Using online auction platforms, B2B IT equipment auction providers enable sellers to liquidate large volumes of similar IT assets to a broader buyer pool without developing and maintaining one-to-one relationships with each buyer. The efficiency of auction platforms is enhanced when selling similar IT assets with similar conditions and documented specifications.
To achieve the best resale return on your IT assets, your organisation must consistently provide accurate cosmetic grading. If you undergrade your asset(s), you will realise lower recovery rates than you should for your asset(s). If you overgrade your asset(s), you will create buyer disputes, returns, and damage your reputation as a trusted asset seller. However, when dealing with the volume of IT assets typically traded in the current marketplace, it is very common for grading quality to suffer unless you implement specific measures.

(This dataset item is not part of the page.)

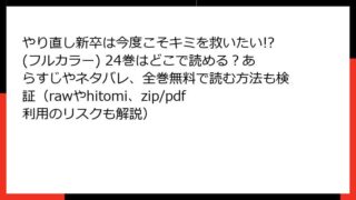 やり直し新卒は今度こそキミを救いたい!?(フルカラー) やり直し新卒は今度こそキミを救いたい!?(フルカラー) 24巻はどこで読める?あらすじやネタバレ、全巻無料で読む方法も検証(rawやhitomi、zip/pdf利用のリスクも解説)

Device Vintage Primary Strategy Notes
2020–2022 Whole-unit resale Strong secondary value, Windows 11 upgradeable in some cases
2018–2020 Whole-unit resale/export Good demand in secondary markets, parts value strong
2016–2018 Export/parts harvest Limited primary market demand; strong parts value
Pre-2016 Parts harvest/materials Focus on component value recovery and responsible recycling
Damaged / non-functional Physical destruction/scrap Certified destruction + metals recovery
Utilizing the Company’s Compliance to Customer Value Proposition through ESG Reporting and Sustainability
The growth of sustainability reporting within companies has advanced very rapidly in the last three years. Corporate IT departments are increasingly required to report their environmental impacts from IT disposal processes to their CFOs and sustainability officers. Companies that can provide accurate, audit-ready ESG reports are winning contracts from those that cannot.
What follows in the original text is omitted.